Oggi ho un rapporto affettuoso e conciliante col mio portatile: lo trascino in giro per il mondo, fa le vacanze con me, so che ogni volta che s’impunta è colpa mia e confido nella pazienza di qualche anima gentile. Dimentico a intervalli regolari password ed elenchi delle password e dove ho messo gli elenchi delle password, confondo volentieri account e username, per eccesso di fantasia ogni volta mi registro in modo diverso, con la mail, col puntino, con il nome o con il cognome, vado nel panico se compare il codice sblocco, e come sommo smacco non riesco nemmeno a convincere di non essere un robot nel quiz dove si contano steccati e colline.
Eppure, sono riuscita a convertirmi in modalità smart working senza colpo ferire. Ho imparato a usare in contemporanea computer, tablet e smartphone, a inserirmi in incontri a più voci, a sfumare sfondi, a mettere un vocabolario sotto al computer per ottenere l’inquadratura giusta. Per la terza volta, questo groviglio di bit e connessioni che è il nostro presente digitale ha salvato a me, come a milioni di noi, la vita lavorativa.

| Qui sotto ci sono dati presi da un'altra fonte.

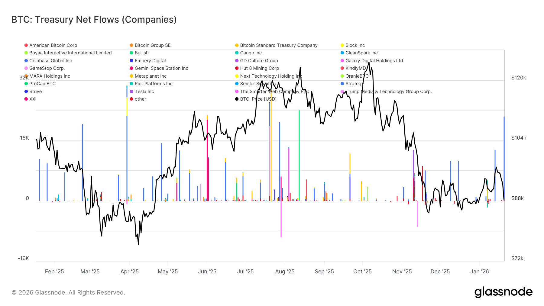 Ostatnie dane dotyczące przepływów netto w skarbcach korporacyjnych wskazują na nieregularną i rozproszoną aktywność, zdominowaną przez pojedyncze, wywołane wydarzeniami transakcje, zamiast systematycznej akumulacji. Choć niektóre firmy odnotowały wyraźne impulsy napływu kapitału w ostatnich tygodniach, ogólny popyt korporacyjny nie przeszedł jeszcze w fazę trwałej akumulacji.

Ma arriva un punto dove persino tra colleghi ci si dice, dallo schermo, arruffati e un po’ straniti, “Ho voglia di vedervi”, e lì c’è del sentimento vero. Torna nostalgia dell’altra vita, quella fatta di pancia, di sguardi, di corpi, di contatti ed energie sottili. Quella non meccanica e ripetitiva, ma imprevedibile e caotica. Il fuori, con il suoi cieli, i tramonti, i profumi, gli odori, e un altro tipo di confusione. Perché la tecnologia può salvare la vita. Ma renderla degna di essere vissuta è un’altra cosa.
C
Voglia di tenerezza io Donna
Il decreto ha chiarito che i 200 metri entro cui ci si può muovere sono da valutarsi in linea d’aria. I miei anziani genitori, quasi novantenni, abitano vicino a casa mia, credo che i metri siano un po’ di più. Ho sempre seguito la strada per andare da loro. Ma qualche giorno fa ho deciso di attraversare un campo, che non avevo mai attraversato. Ho contato i passi, sono poco piu di 200. Ogni giorno atttraverso il campo, vado da loro, sto fuori dal cancello, loro stanno sul balcone. Gli porto il giornale, qualcosa di buono, le parole crociate. Parliamo. Gli dico e ripeto di non uscire. Stanno bene. Quel campo è la mia linea d’aria, quella che mi tiene vicino a loro. L’aria che ci fa respirare.
Angelo Ghidotti
Il mio sabato è iniziato in ritardo, ho raccolto le forze per fare il caffè dopo le undici. Cosa mi sarei inventata per riempire quest’altro giorno di quarantena: cosa mi rende veramente felice? “Prima”, questa domanda, cruciale, era sempre offuscata dalle mille attività, impegni e distrazioni. Ora sono costretta a farmela, e a rispondermi. Ho 24 anni, sono appassionata di lingue, ne parlo cinque. Scelgo quelle in cui sono più disinvolta e decido di metterle a disposizione. Scrivo un post: offro lezioni gratuite. L’iniziativa ha successo: mi contatta un vecchio amico, da sempre affascinato dall’arabo. Dopo la sua, altre richieste. E anche quest’altro giorno di quarantena è salvo!
Sara Farouq
Sono trascorsi giorni impegnativi, tra video lezioni, video ricevimenti e video lauree. Seguiranno i video esami. Ma sono contenta di farlo, di averlo fatto. Per i miei studenti, per la nostra Università, così variegata. La didattica a distanza non è facile: manca, soprattutto all’inizio, il riscontro dagli studenti, l’energia derivante dalla presenza fisica. Ma le potenzialità sono tantissime e forse ancora da scoprire. L’aula virtuale supera i limiti e i disservizi legati all’obsolescenza delle aule reali, permette di interagire in modi differenti ma spesso molto efficaci. Forse la sinergia tra reale e virtuale può essere ben sfruttata, anche nel futuro. C’è sempre del bello e del buono. Questo dovremo valorizzare quando tutto sarà superato.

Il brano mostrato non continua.